Skil 12V Brushless Oscillating Multi-Tool Review
The Skil 12V Brushless Oscillating Multi-Tool is a new player on the scene making us wonder what exactly you should expect from a DIY 12V brushless tool. To find out, we put it through the same exact tests we did in our oscillating tool shootout to see how it performs. The results were shocking!
- Fast cutting speeds
- Great ergonomics
- Pro-level feature set
- Good vibration and noise control
- Lightweight, compact, and slim design
- 12V battery limits runtime
- No single-tool kit option available
Skil’s outstanding performance makes it a no-brainer for DIYers and Prosumers. There’s some real potential here for Pros that don’t need the refinement of Fein or the runtime that you’ll get from 18V/20V Max models.
Tool-Free Blade Change
The fact that the blade change is tool-free isn’t groundbreaking, but every brand seems to do it a little different. Skil goes with a twist lever to release and lock their 2-pin IOS system.

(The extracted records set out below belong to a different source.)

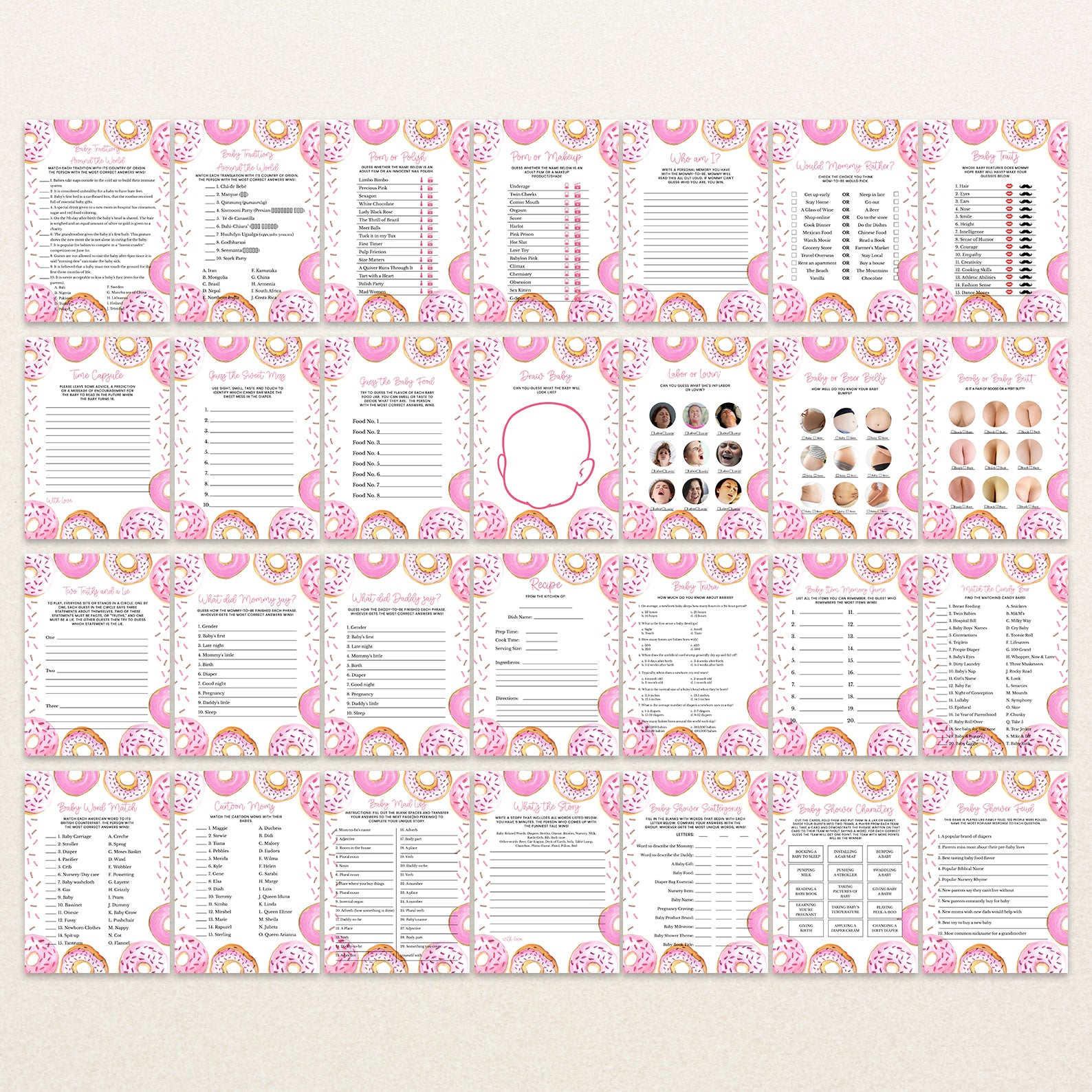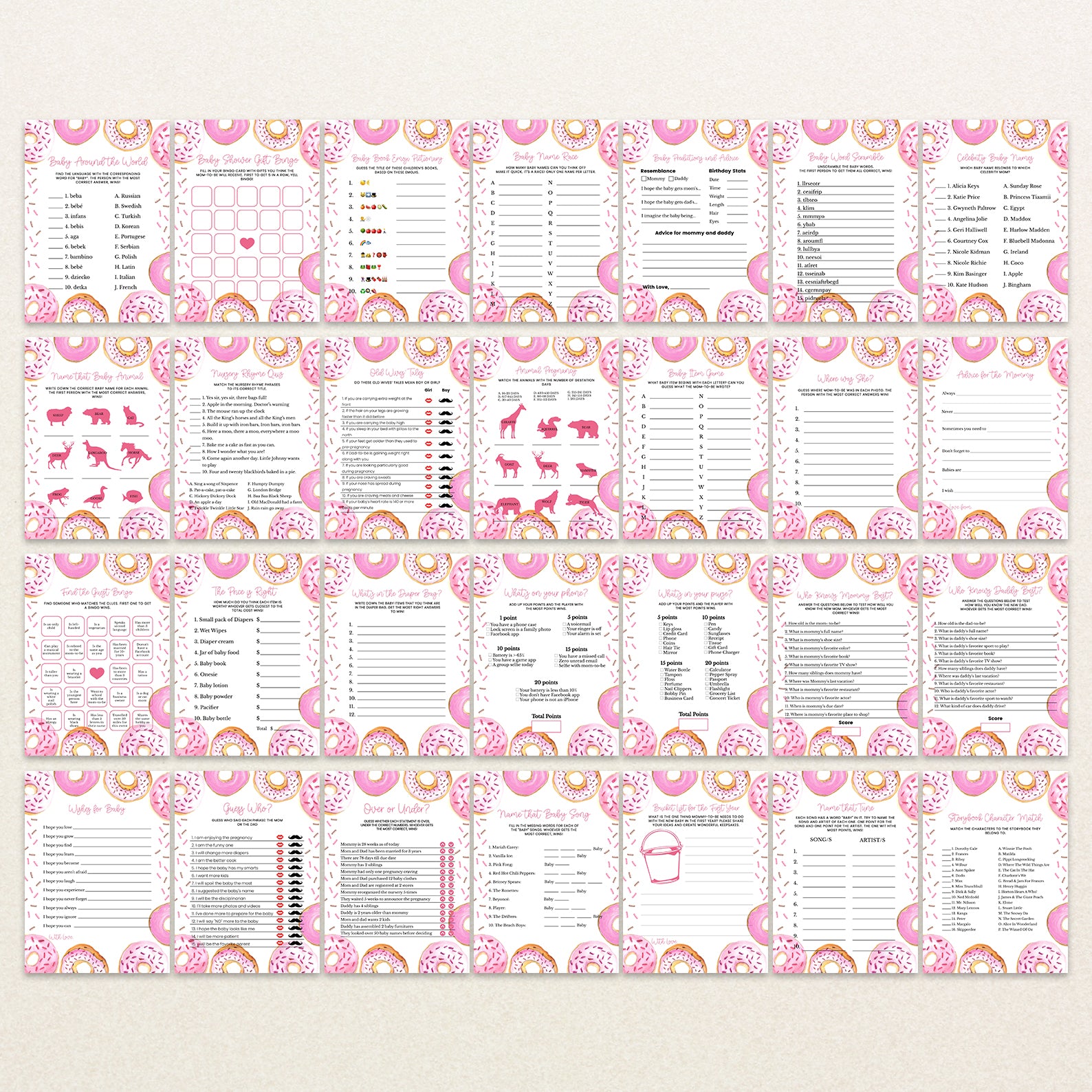 - Purchase this Sprinkled with Love Pink Baby Shower Digital Game Bundle template
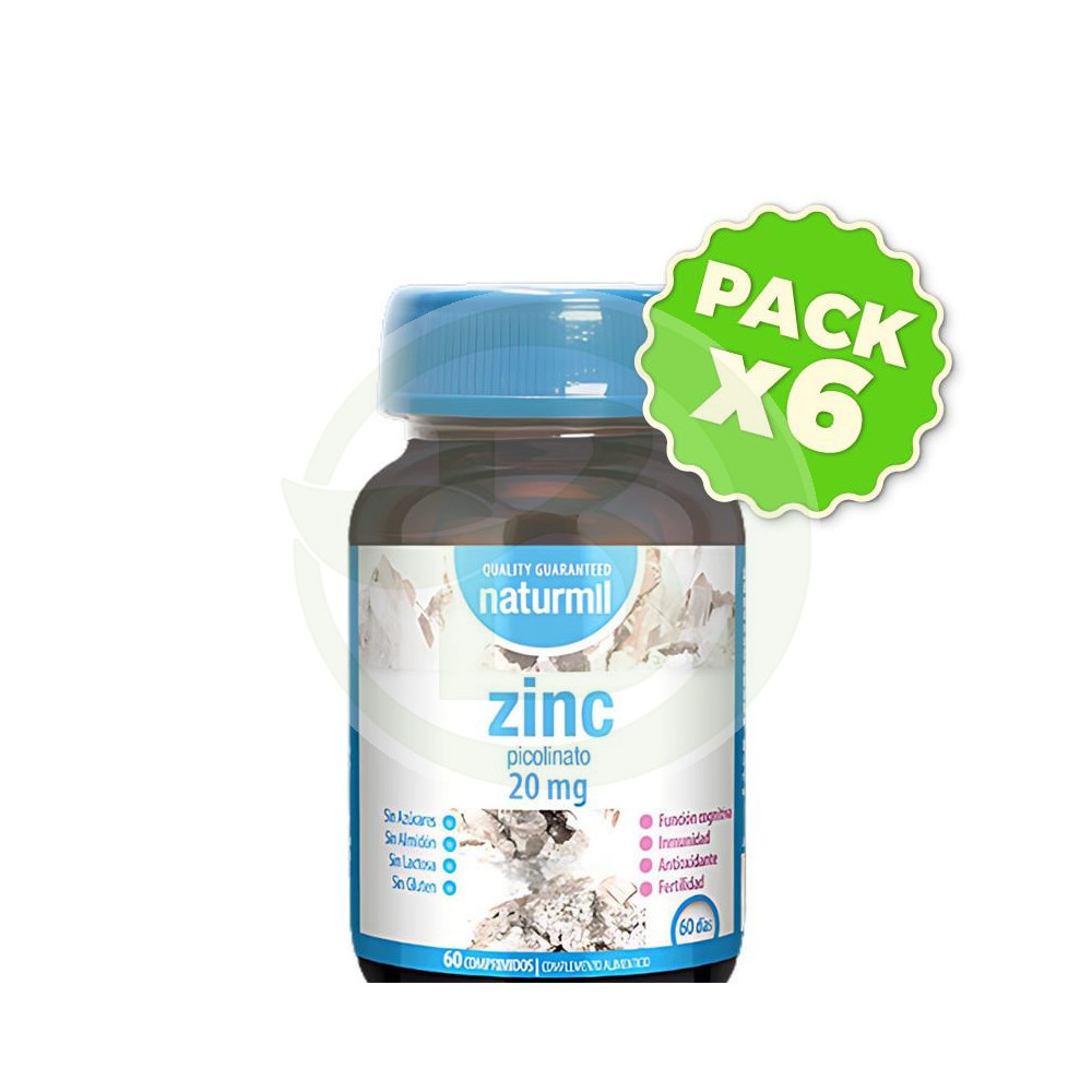 Pack 6x Zinc Picolinato 20Mg 60 Comprimidos Naturmil
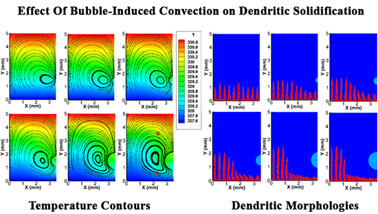 The research team reported that Marangoni convection for larger bubbles can alter the morphology of dendrites, but the effects are negligible for smaller bubbles. Further, simulation results showed that the dendrites near a bubble have more branches and grow slower than the neighboring dendrites.
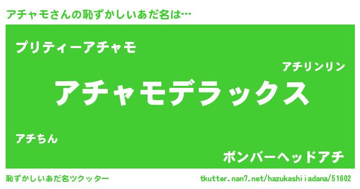 | 女子向けラノベタイトル風あだ名 | 『闇のアチャモ』『アチャモ恋絵巻』 |
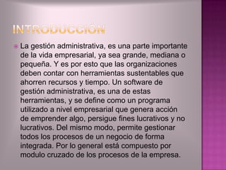 Este documento presenta información sobre software de gestión administrativa. Explica que este tipo de software permite gestionar los procesos empresariales de forma integrada para organizar los recursos y lograr los objetivos de manera eficiente. También describe algunos programas específicos como el SAIT y ASPEL, que brindan herramientas para la administración de ventas, finanzas, recursos humanos y otros procesos.
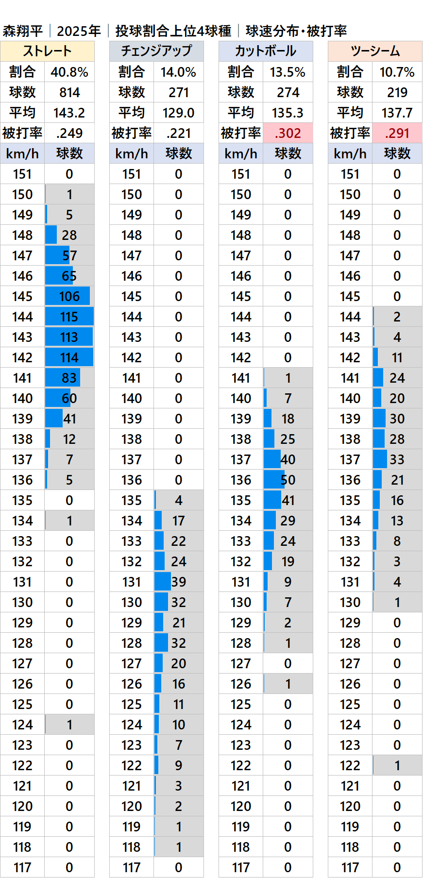 広島の森翔平投手の2025年シーズンの球種別の投球割合・球速・被打率の情報です。
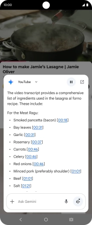 Using Gemini, you can ask questions about the content of a YouTube video.
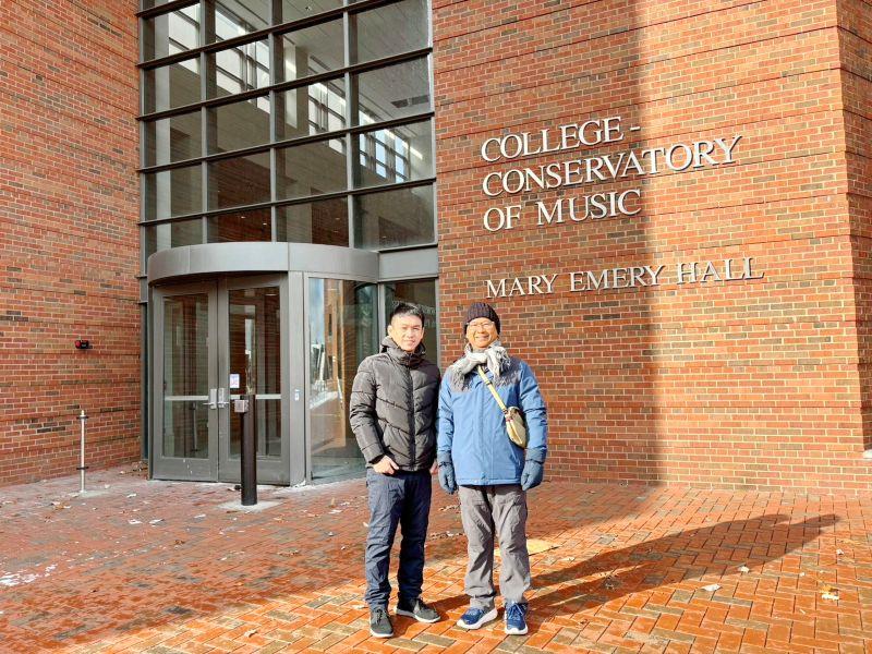 圖7:張俊賢教授與音樂系陳上義校友在辛辛那提大學音樂學院音樂系前合影。
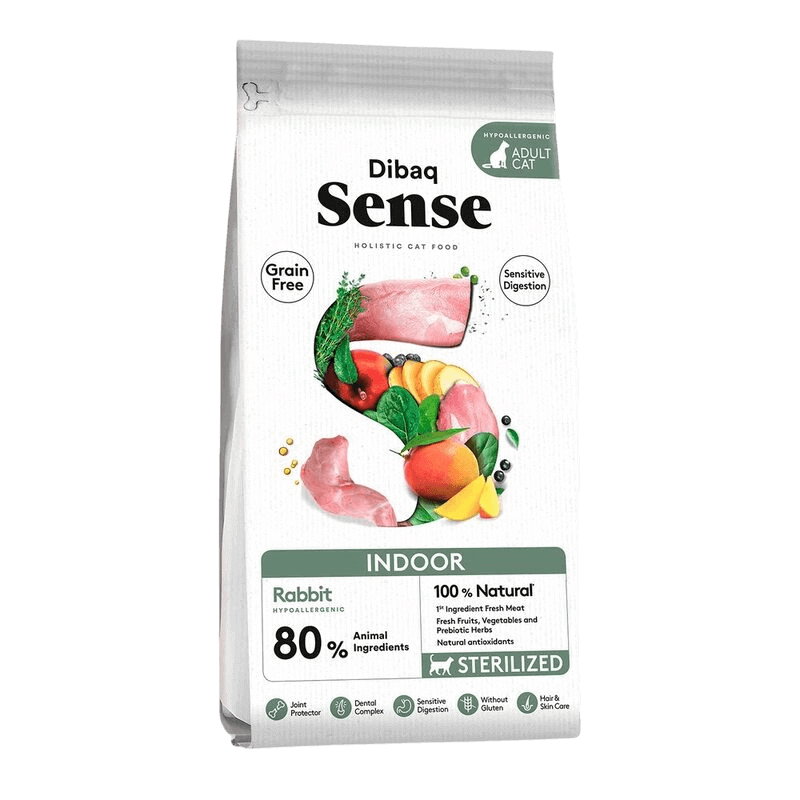 Dibaq Sense presenta su Pienso Gato Indoor Conejo, la fórmula completa y equilibrada, sin cereales, diseñada específicamente para gatos adultos con un estilo de vida de interior. De hecho, esta receta utiliza Conejo Fresco (35%) como ingrediente principal, una carne magra de fácil digestión.

A magnetic ring in the center holds the blade while you clamp it back down. The magnet isn’t as strong as what we see from Ridgid, but it does keep it from slipping away.
Skil also breaks from tradition by using a brighter LED light system. Centered right above the blade, a light on either side works with a diffuser to cast the light slightly downward where your blade is getting ready to work. It’s an effective system.
- Brushless Motor
- Variable Speed Dial
The Skil 12V Brushless Oscillating Multi-Tool scores very high in ergonomics thanks to a couple of areas.
As a 12V tool, it has a smaller profile and weight than its corded and 18V brethren. Bare, it weighs 2.25 pounds and just 2.88 pounds with its 2.0 Ah battery. That’s among the lightest we’ve ever tested, though there are a couple of models running around that are lighter. Most multi-tools are over the 3-pound mark and average cordless is even higher.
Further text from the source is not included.